Provided data –

Segment Open

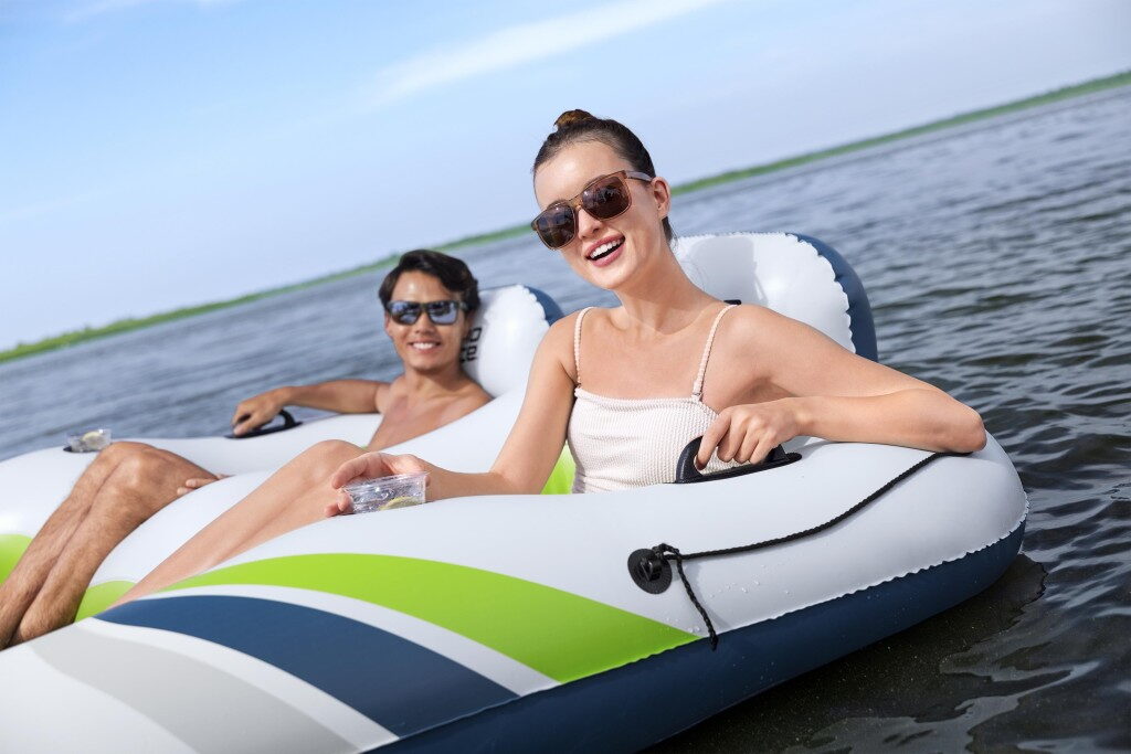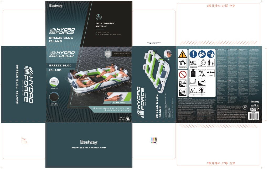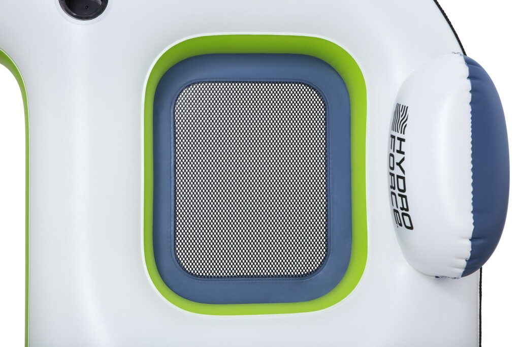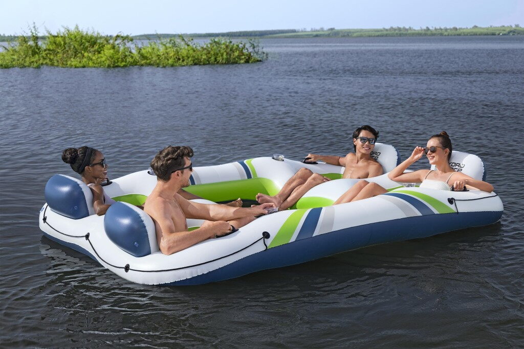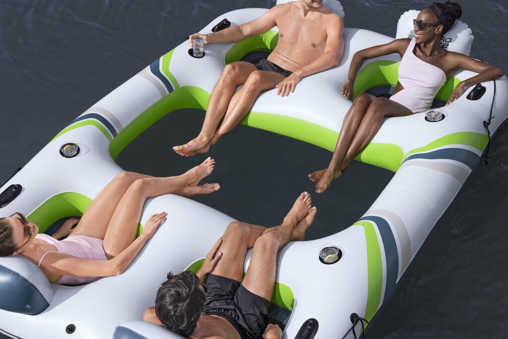 Nafukovací ostrov je z materiálu Inflata-Shield™, který je odolný proti propíchnutí a má zvýšenou pevnost, která zajišťuje lepší stabilitu a zadržování vzduchu. 2 spojky Clasp 'N Go™ umožňují spojit více ostrovů dohromady nebo připojit ostrov k jiným plovákům. Prémiová konstrukce se 4 opěradly. Ostrov má sedátka ze síťoviny, které příjemně chladí v horkých dnech na vodě, ve středu ostrova je otevřený prostor pro ponoření nohou do vody a má 4 držáky pro nápoje. Částečná madla usnadňují držení a vstupování na ostrov. Odolná madla pro přenášení. Rychloupínací ventily. Maximální nosnost je 400 kg.
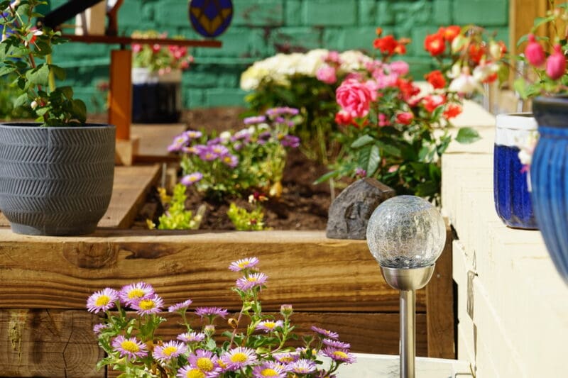 Where once stood old garden furniture on tired paving slabs surrounded by faded planters and an uneven patch of grass there now stands modern colourful chairs and an attractive wooden dining table. Sleepers form a raised bed housing a beautiful selection of plants providing a seating area for tenants and visitors.
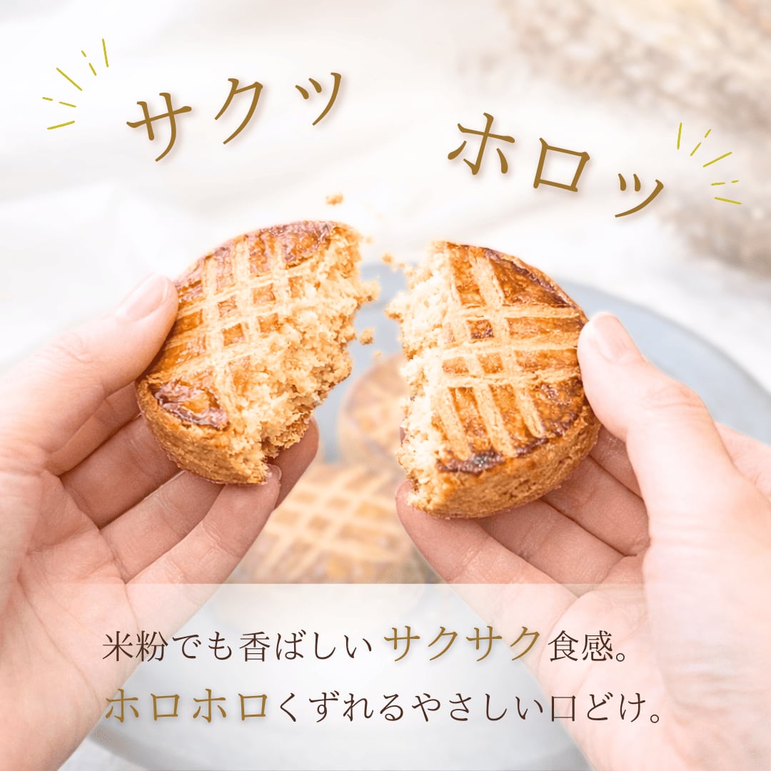 卵・乳製品・小麦粉・白砂糖・動物性材料を使用しない、グルテンフリークッキー&ヴィーガンクッキーとしてお楽しみいただける、からだにやさしい米粉スイーツに仕上げました。
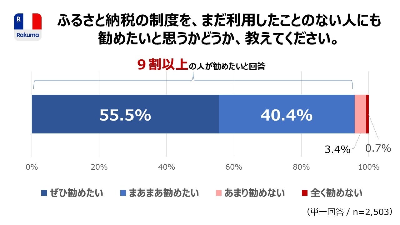 ふるさと納税の利用者2,503人に「ふるさと納税の制度を、まだ利用したことのない人にも勧めたいと思うかどうか」と質問したところ、1位「ぜひ勧めたい」(55.5%)、2位「まあまあ勧めたい」(40.4%)となり、合わせて95.9%の人がポジティブな回答を選びました。
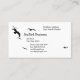 This business card is decorated with black silhouettes of flying seagulls. Most of the seagulls are on the left edge and heading towards you and a bit to the right. One is flying off the bottom right corner. There is room for all of your contact information on the front of the card. Good for a business with a connection to the outdoors, especially the ocean or beach. Some possibilities could be, tourist shops, surf shops, fishing guides, or boat rentals.
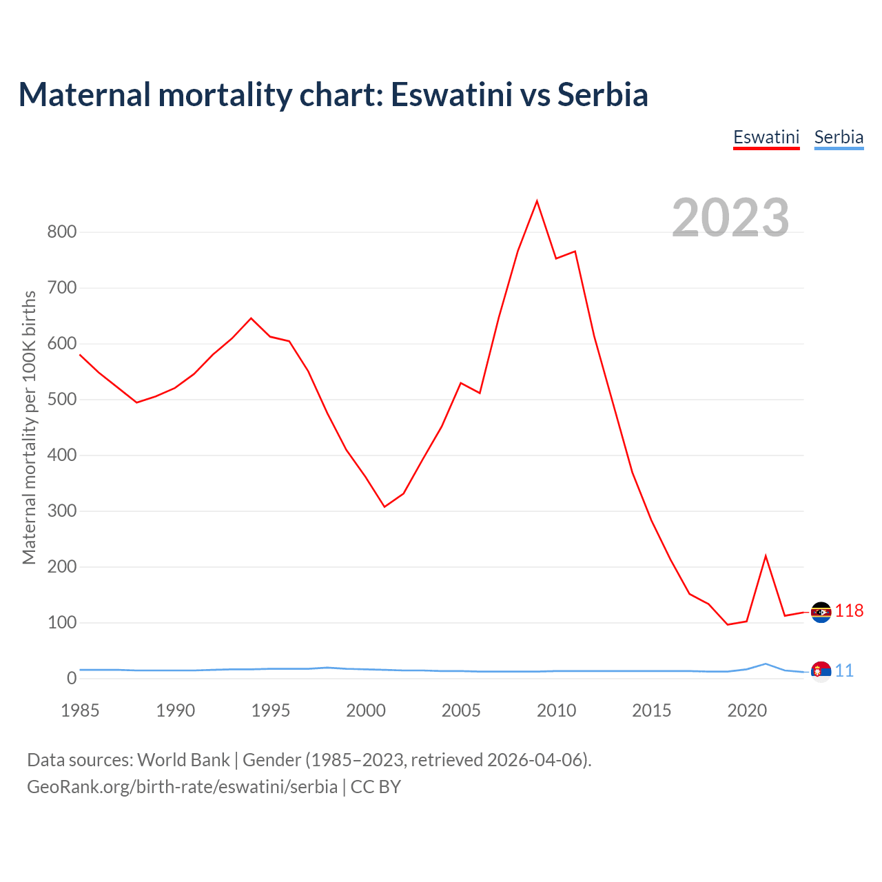 The maternal mortality rate, which is the probability of dying during childbirth or within 42 days of pregnancy termination, is 118 deaths per 100,000 live births in Eswatini, compared to 11 deaths in Serbia.
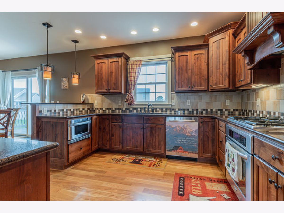 Quality construction Armstrong Home! The "Scottsdale" was featured in the showcase of Homes in 2008. Beautiful mosaic tile entry and open dining room, greet you at the front door. Exceptional kitchen featuring granite countertops, knotty alder doors and cabinets, built-in SS appliances, and tiled backsplash. The kitchen opens into the living room w/ fireplace and lovely oak hardwood floors. Updated with Hunter Douglas Energy efficient blinds. Upstairs you'll find the laundry room, along with 4 of the 5 bedrooms. Master suite includes full bath w/ tiled walk-in shower, whirlpool tub, and dual Silestone countertops. The basement offers additional storage space, a family room, and an additional bedroom. Enjoy the whole house sound! Large, maintenance-free composite deck with patio and fire pit. The backyard opens up to a large common area with two ponds. New roof in 2014, new HVAC in 2016, new carpet on stairs and basement 2019 and professional landscaping in 2018. There is a Mitsubishi AC unit to cool the garage on hot summer days.
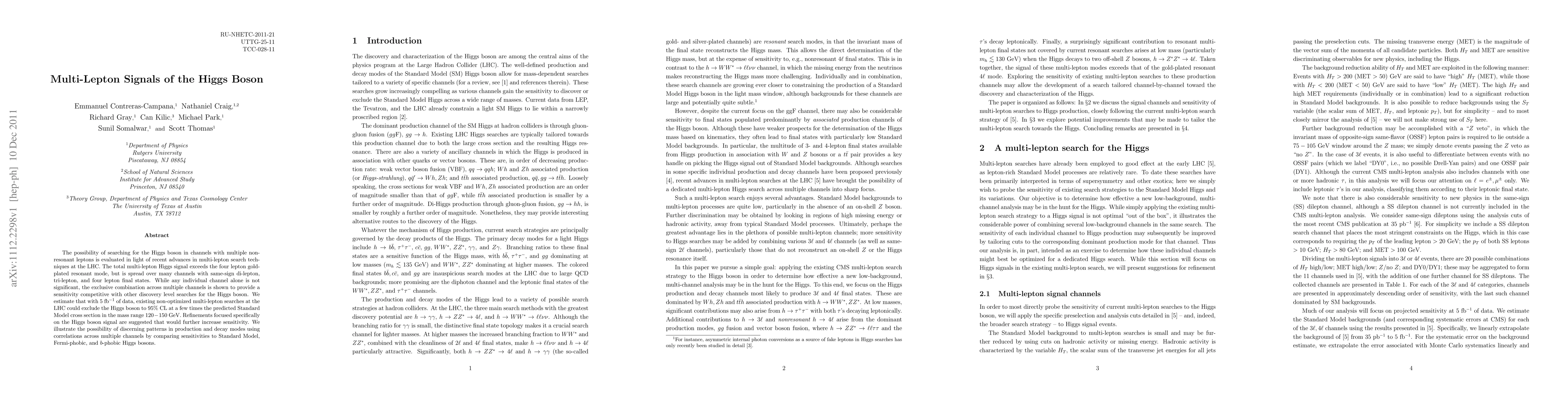 The possibility of searching for the Higgs boson in channels with multiple non-resonant leptons is evaluated in light of recent advances in multi-lepton search techniques at the LHC. The total multi-lepton Higgs signal exceeds the four lepton gold-plated resonant mode, but is spread over many channels with same-sign di-lepton, tri-lepton, and four lepton final states. While any individual channel alone is not significant, the exclusive combination across multiple channels is shown to provide a sensitivity competitive with other discovery level searches for the Higgs boson. We estimate that with 5 inverse femtobarn of data, existing non-optimized multi-lepton searches at the LHC could exclude the Higgs boson to 95% CL at a few times the predicted Standard Model cross section in the mass range 120-150 GeV. Refinements focused specifically on the Higgs boson signal are suggested that would further increase sensitivity. We illustrate the possibility of discerning patterns in production and decay modes using correlations across multiple channels by comparing sensitivities to Standard Model, Fermi-phobic, and b-phobic Higgs bosons.

Segment Closed

What is being asked – Given the entries above, transcribe exactly the lines from the one holding "The maternal mortality" through the one holding "Quality construction Armstrong"; pictures do not belong in the transcription.

Exercise answer –
 The maternal mortality rate, which is the probability of dying during childbirth or within 42 days of pregnancy termination, is 118 deaths per 100,000 live births in Eswatini, compared to 11 deaths in Serbia.
 Quality construction Armstrong Home! The "Scottsdale" was featured in the showcase of Homes in 2008. Beautiful mosaic tile entry and open dining room, greet you at the front door. Exceptional kitchen featuring granite countertops, knotty alder doors and cabinets, built-in SS appliances, and tiled backsplash. The kitchen opens into the living room w/ fireplace and lovely oak hardwood floors. Updated with Hunter Douglas Energy efficient blinds. Upstairs you'll find the laundry room, along with 4 of the 5 bedrooms. Master suite includes full bath w/ tiled walk-in shower, whirlpool tub, and dual Silestone countertops. The basement offers additional storage space, a family room, and an additional bedroom. Enjoy the whole house sound! Large, maintenance-free composite deck with patio and fire pit. The backyard opens up to a large common area with two ponds. New roof in 2014, new HVAC in 2016, new carpet on stairs and basement 2019 and professional landscaping in 2018. There is a Mitsubishi AC unit to cool the garage on hot summer days.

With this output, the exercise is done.